SMARTMINER:  A DEPTH FIRST ALGORITHM GUIDED BY TAIL INFORMATION FOR MINING MAXIMAL FREQUENT ITEMSETS
UCLA Technology Available For Licensing

Researchers in the UCLA Department of Computer Science have developed and reduced to practice an algorithm to find maximal frequent itemsets (MFI) for large datasets using tail information to augment dynamic reordering. This algorithm is faster than competing products by an order of magnitude.

This invention can be implemented as a data analyzing tool that can be bonded with database products (Sql2000, DB2, Oracle, etc.) or data processing software (SAS, Matlab, etc). It can be used to extract frequent patterns in real time for analyzing large datasets like genome data and medical data.

BACKGROUND:  There are three approaches for generating frequent itemsets (FI). The first is the candidate set generate-and-test approach. Most previous algorithms belong to this group. The second is a sampling approach. This reduces computation complexity but the result is incomplete. The third is a data transformation approach. The FP-tree method and the pattern decomposition algorithm (PDA) are examples of this approach. They both greatly reduce the original dataset and also do not need to generate candidate sets.

Generating FI, however, becomes infeasible if the frequent patterns are long because of the exponential number of frequent itemsets. Algorithms mining frequent closed itemsets (FCI) can have the same problem. Therefore, researchers turn to finding maximal frequent itemsets (MFI). A MFI is a frequent itemset that is not a subset of any other frequent itemset. Given a set of MFI, it is easy to analyze many properties of the dataset.

INNOVATION:  The SmartMiner algorithm finds exact maximal frequent itemsets for large datasets. The SmartMiner algorithm first uses global and local tail information to augment dynamic reordering to reduce the search tree.
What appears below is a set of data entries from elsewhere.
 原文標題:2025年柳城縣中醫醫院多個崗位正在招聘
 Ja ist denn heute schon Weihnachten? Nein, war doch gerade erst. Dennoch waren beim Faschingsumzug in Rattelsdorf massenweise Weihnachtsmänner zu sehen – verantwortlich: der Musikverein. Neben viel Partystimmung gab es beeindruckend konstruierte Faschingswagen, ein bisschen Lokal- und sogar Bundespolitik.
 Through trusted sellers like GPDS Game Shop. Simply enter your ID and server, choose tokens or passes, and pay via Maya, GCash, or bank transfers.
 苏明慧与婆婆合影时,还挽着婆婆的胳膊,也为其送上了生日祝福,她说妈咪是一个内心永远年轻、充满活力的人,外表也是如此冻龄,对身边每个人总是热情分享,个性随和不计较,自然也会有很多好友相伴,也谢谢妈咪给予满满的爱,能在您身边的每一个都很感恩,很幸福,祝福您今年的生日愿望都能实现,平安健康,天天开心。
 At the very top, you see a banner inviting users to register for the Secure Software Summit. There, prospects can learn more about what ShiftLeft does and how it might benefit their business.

Second, the passing of tail information eliminates the need of known MFI for superset checking. Finally, SmartMiner also reduces the number of support counting for determining the frequency of tail items and thus greatly saves counting time.
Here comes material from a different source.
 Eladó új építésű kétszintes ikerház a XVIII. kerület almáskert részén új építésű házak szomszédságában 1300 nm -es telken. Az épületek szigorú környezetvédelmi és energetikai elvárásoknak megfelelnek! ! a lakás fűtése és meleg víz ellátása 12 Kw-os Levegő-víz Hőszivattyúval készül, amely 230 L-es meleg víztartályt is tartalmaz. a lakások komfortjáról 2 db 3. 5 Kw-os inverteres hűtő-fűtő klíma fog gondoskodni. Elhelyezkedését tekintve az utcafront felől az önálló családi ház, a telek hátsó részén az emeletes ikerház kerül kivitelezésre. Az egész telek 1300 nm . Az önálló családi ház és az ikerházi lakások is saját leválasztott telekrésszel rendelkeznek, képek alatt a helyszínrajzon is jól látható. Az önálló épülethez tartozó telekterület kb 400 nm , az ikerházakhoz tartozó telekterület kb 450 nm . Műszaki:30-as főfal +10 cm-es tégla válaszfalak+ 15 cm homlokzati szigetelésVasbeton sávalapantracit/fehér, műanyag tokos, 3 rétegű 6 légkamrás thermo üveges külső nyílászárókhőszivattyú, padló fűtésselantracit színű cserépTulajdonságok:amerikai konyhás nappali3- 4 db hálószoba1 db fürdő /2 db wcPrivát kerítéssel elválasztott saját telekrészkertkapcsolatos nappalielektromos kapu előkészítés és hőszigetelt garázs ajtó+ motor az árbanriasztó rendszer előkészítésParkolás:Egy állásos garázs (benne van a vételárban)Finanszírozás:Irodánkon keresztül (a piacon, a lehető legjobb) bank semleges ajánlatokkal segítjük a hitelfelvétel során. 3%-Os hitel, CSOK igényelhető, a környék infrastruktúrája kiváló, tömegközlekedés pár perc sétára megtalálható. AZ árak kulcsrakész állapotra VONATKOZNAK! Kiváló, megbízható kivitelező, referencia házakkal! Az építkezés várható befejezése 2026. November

DEVELOPMENT TO DATE:  Empirical testing shows that compared with Mafia and GenMax, SmartMiner generates a much smaller search tree, requires a smaller number of support counting, and does not require superset checking. Using the datasets Mushroom and Connect, experimental study reveals that SmartMiner generates the same MFI as Mafia and GenMax, but yields an order of magnitude improvement in speed.

Reference: UCLA Case No. 2003-390

For additional technical details and current licensing
availability, please contact the following UCLA office:

UCLA Office of Intellectual Property
11000 Kinross Avenue, Suite #200
Los Angeles, CA 90095-7231
Tel: 310-794-0558 Fax: 310-794-0638
email: ncd@research.ucla.edu
NCD URL:   http://www.research.ucla.edu/tech/ucla03-390.htm

Lead Inventor: Wesley Chu

UCLA Technologies Available for Licensing
http://www.research.ucla.edu/tech

Copyright © 2003 The Regents of the University of California.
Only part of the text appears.